PEF, PCF, oxygen production and their relationships were furthermore examined during phytoplankton development in a mesocosm at the field station (Chapter 6). PEF was calculated from F 0 , φ PS II and the PFD which were continuously monitored for three weeks in the upper water layer of the mesocosm. In addition PEF and PCF were estimated from laboratory measurements on samples taken from the mesocosms. Daily primary production in the mesocosm, measured as either PSII electron flow (PPE) or carbon fixation (PPC), was calculated using a photosynthesis model. Daily photosynthetic oxygen evolution (PPO) was calculated from changes in the oxygen concentration over the day. In the period between the 2 blooms the ration of PPO and PPE was higher than during the peak of the blooms. The ratio of PPC and PPE was much more constant. In general PPE gave a reasonable measure of both PPC and PPO.

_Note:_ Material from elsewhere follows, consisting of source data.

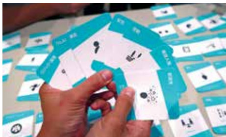
エンゲージメントカード
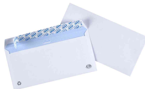
Symbolbid: Briefumschläge, Großpackungen
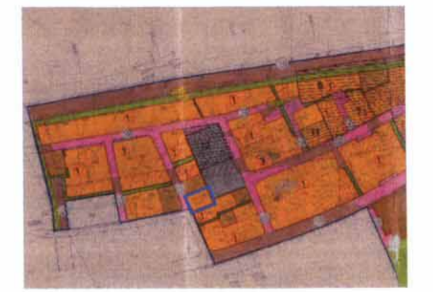
תרשים סביבה 1:5,000
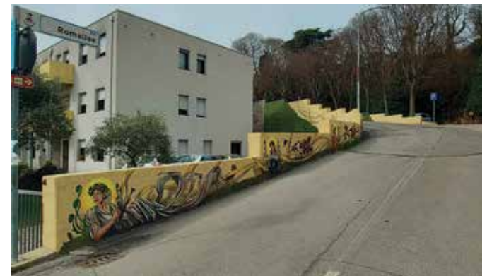
4) 18 marzo 2022. Murale dei Promessi Sposi.
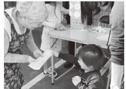
お楽しみ抽選会では子どもたちが大活躍
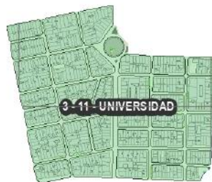
Figura 13. Barrio Universidad Comuna 3.
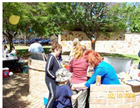
Iar la gratare
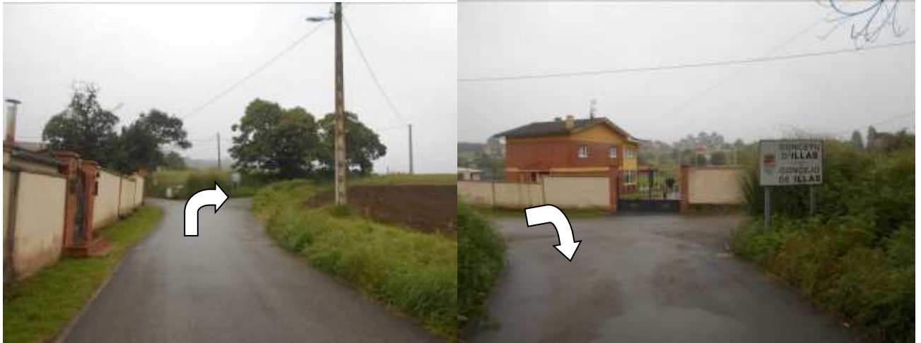
La carreterita asciende ligeramente entre prados, encontrándonos con otro de los múltiples hitos de piedra que nos indican los kilómetros recorridos.
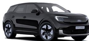
Černá Agate metalická
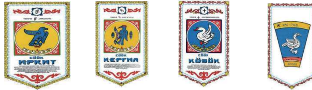
Görsel 4: Türk Boylarının Damgaları (Kalafat-Güven, 2011: 63-73)

Birçok Türk boyunun damgasında kuşlar sembol olarak kullanılmıştır. Bunlardan bazıları İrkit, Kergil, Almat, Köbök boyları Görsel 4’te yer aldığı şekildedir:
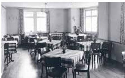
Das schlichte Interieur um 1950.

Als Folge der Wirtschaftskrise in den Dreissigerjahren waren viele Dietiker arbeitslos geworden. In diesem Zusammenhang wurde 1933 der Gemeindestubenverein in Form einer Genossenschaft
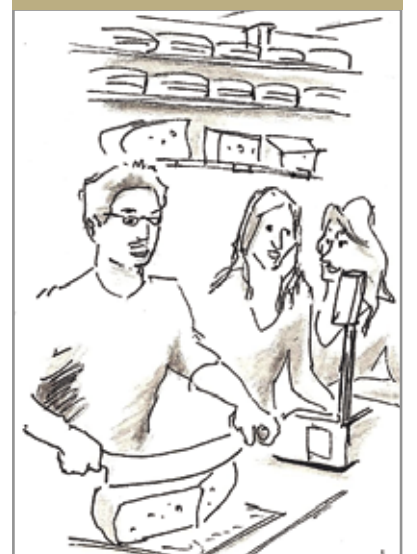
Het Kaasboertje G. Doustraat
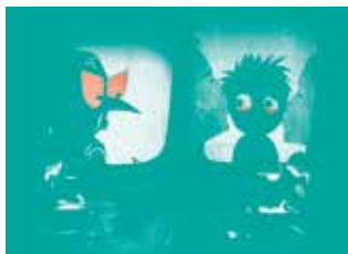
MANGE TES RONCES! © ALEXANDER MEEUS
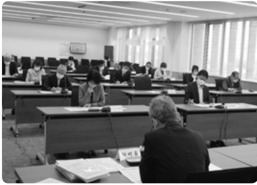
全員協議会の様子

6月24日、全員協議会を開催しました。 令和3年度をもって解散(清算)した株式会社忠類振興公社の昨年度の事業報告、決算状況報告と解散に至るまでの経過、解散および清算のスケジュール等について説明を受けました。 また、十勝ブランドの認知度向上を図ることを目的として、十勝町村会で導入に向けて取り組んでいる「図柄入りご当地ナンバープレート」について、防災環境課から説明を受けました。

The effects of chlororespiration and state transitions on F 0 were determined in the diatom P. tricornutum (Chapter 7). Inhibition of chlororespiration by antimycin A or anaerobiosis did not affect F v /F m . The observed F 0 was insignificantly (8%) increased upon addition of antimycin A and slightly decreased upon illumination with farred light (6 μmol m -2s -1). These effects might be attributed to chlororespiratory activity, but could as well be caused by reduction of Q A by the weak fluorescence measuring light. Addition of the uncouplers CCCP or nigericin did not increase the maximal fluorescence (F M ). The data show that under our conditions reduction of Q A and energy dependent quenching in the dark by chlororespiration do not occur in P. tricornutum . Light-induced increases in F M , therefore, are suggested to be caused by state transitions. Use of the F 0 to estimate photon capture in the light might lead to an underestimation of the PEF The error is estimated to be not more than about 10 % as calculated from the increase in maximal fluorescence in the light.
The present work illustrates that the fluorescence pulse method is a reliable technique to get insight into the photosynthetic performance and gross primary production of the population of algal cells in a marine ecosystem.